Avtobus stop where people wait for a ride to the center of Dilijan
           Photos to follow will show a few other typical neighborhood sights which we see daily and take for granted.  Soon those sights will only be memories stirred by photographs made in Armenia and thoughts aroused by sounds, smells, and experiences re-lived with others.    Pictures tell a story.  I hope you enjoy them.

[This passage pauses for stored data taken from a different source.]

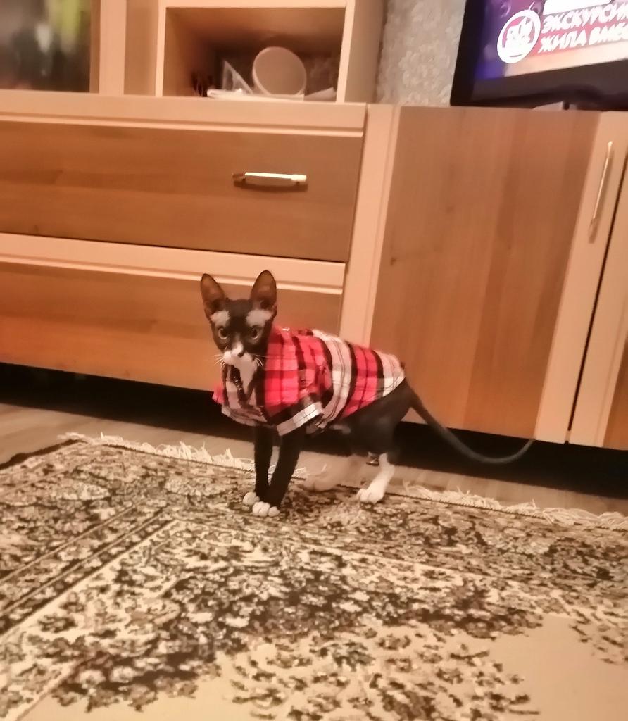 Camicia carina. A Kotyari è piaciuto (mi è piaciuto molto). Con la taglia, ho indovinato: per un gatto medio di 7 mesi prendeva M. Ma se parliamo di un gatto fragile, probabilmente è meglio prendere S, per un gatto adulto, rispettivamente - L. Per quanto riguarda la qualità del prodotto, a prima vista è rimasta delusa, perché nella borsa sulla maglietta si vedevano molti fili che sporgevano in direzioni diverse. Ma quando ho tirato fuori la maglietta dalla borsa, si è scoperto che tutti quei fili sono solo resti di pelo del tessuto e sono facilmente rimossi dalla sua superficie. Le cuciture non sono molto curate, ma date le specifiche del prodotto la qualità è soddisfacente. Quindi, consiglio questo prodotto. Grazie produttore. E Joom, grazie mille per la consegna (sinceramente, non mi aspettavo di ricevere questo pacco nella seconda settimana di guerra).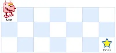 我们来分析一下问题,机器人要从左上角走到右下角,地图是没有缺陷的,所有点都可以到达。由于机器人没办法走回头路,也就是说机器人在通往终点的过程当中走过的路程是确定的。也就是要走n-1条横边和m-1条竖边。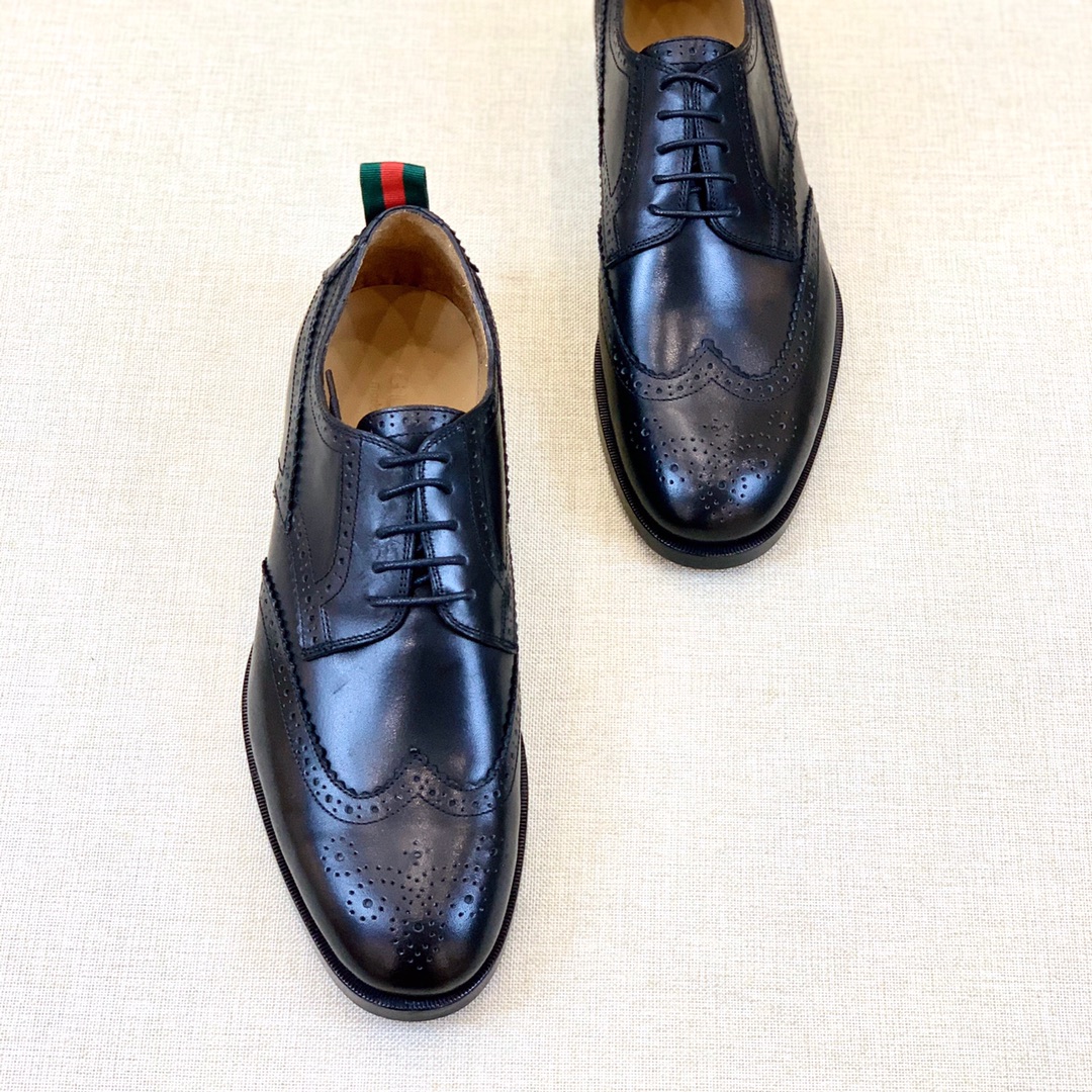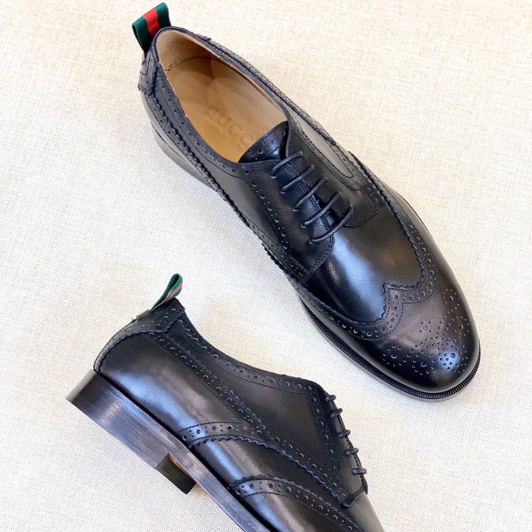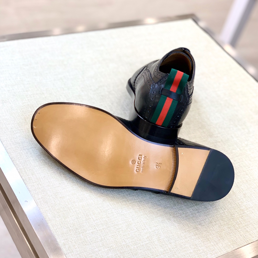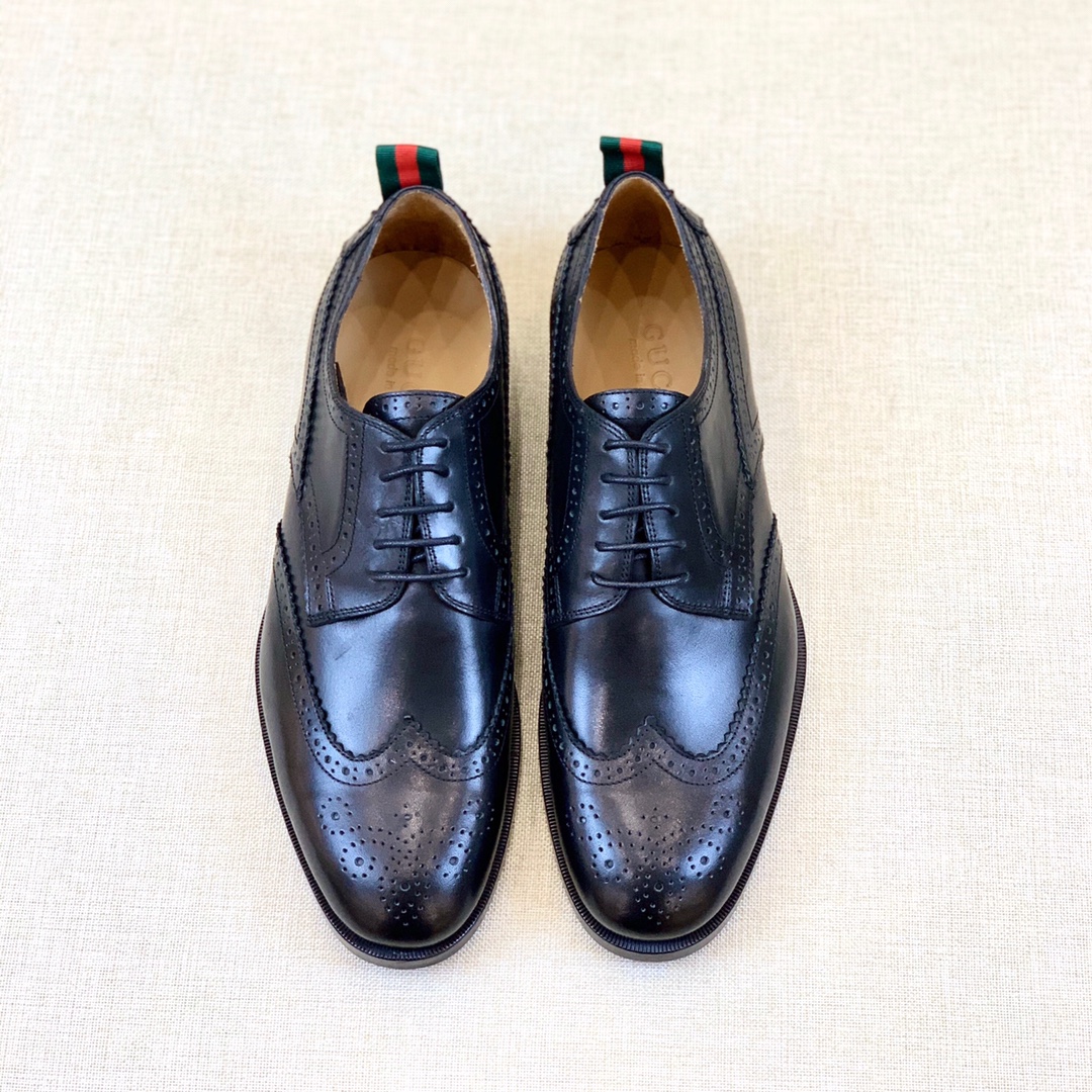 Мужские лоферы Gucci из натуральной коровьей кожи — воплощение элегантности и утончённого стиля. Классический дизайн с декоративной перфорацией подчёркивает премиальное качество и внимание к деталям.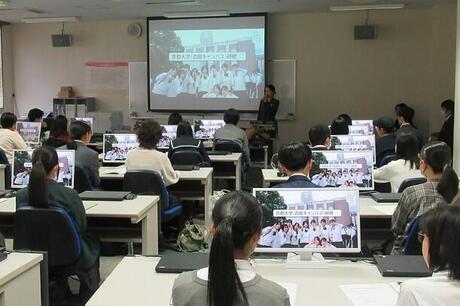 参加した中学生は19部の中から希望する部活動を選択し、高校生の部員による普段の様子や活動実績などについての紹介を聞きました。その後、少人数のグループに分かれて、部員の先導によるキャンパス見学ツアーに出ました。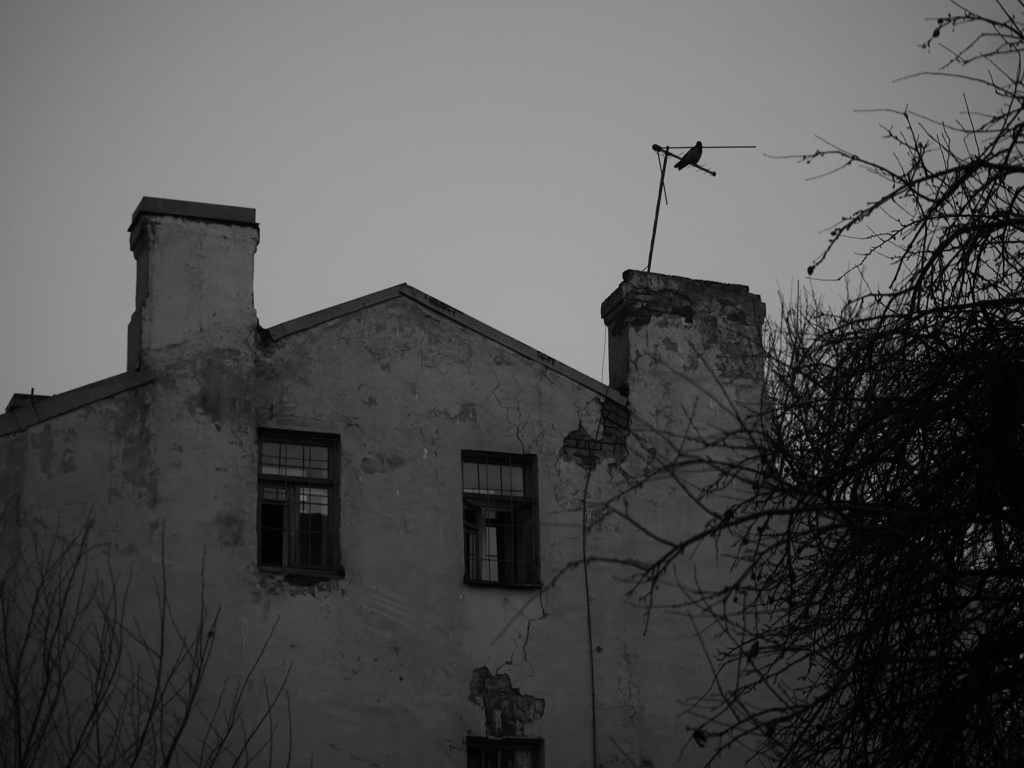 A blackbird sings behind an abandoned fire station and a crow sits on the trumpet.#blackandwhitephotos #monochromemarch

Sign atop an abandoned dairy business near our street

This sign is near our apartment.  We've seen the hotel but not CASANOVA.
Litter is everywhere in Dilijan. It is an eyesore which does not seem to bother local people  but is an obvious detraction for tourists and those of us concerned about the environment.
These children asked that their photo be taken as I walked home today. Of course, I was glad to snap their picture and will get prints made for them.   Children love to see themselves in pictures.
Children I meet along the way make this walk more pleasurable and more memorable as I contemplate leaving Armenia in the near future.  We all walk the walk  together, as we live in Dilijan. 



 see 

Friday, March 1, 2013

DOGS on my MIND


                 I should be asleep, resting for the next day, but I can’t sleep.  There is a dog howling  somewhere on the ground ,14 floors below our  hotel window. It is a mournful sound and repeated every few seconds as if controlled by a timer. I picture the dog’s head  thrown  back and its mouth forming a string of o’s …….just as depicted in a favorite Far Side cartoon I saved for years. But in that cartoon, someone was there to respond.  This dog howling on the streets of Yerevan is most likely a stray with no home, no owner hence, no responder.  The howling eventually ceases. Is that because someone threw the dog a bone or because it just gave up and quit????    Even with the silence of night returning, I cannot sleep.  Now I’m thinking of other such dogs we’ve seen in Armenia and it keeps me awake.
                          
           I can see in my mind’s eye, the pathetic mother dog we encountered on the street yesterday.                                          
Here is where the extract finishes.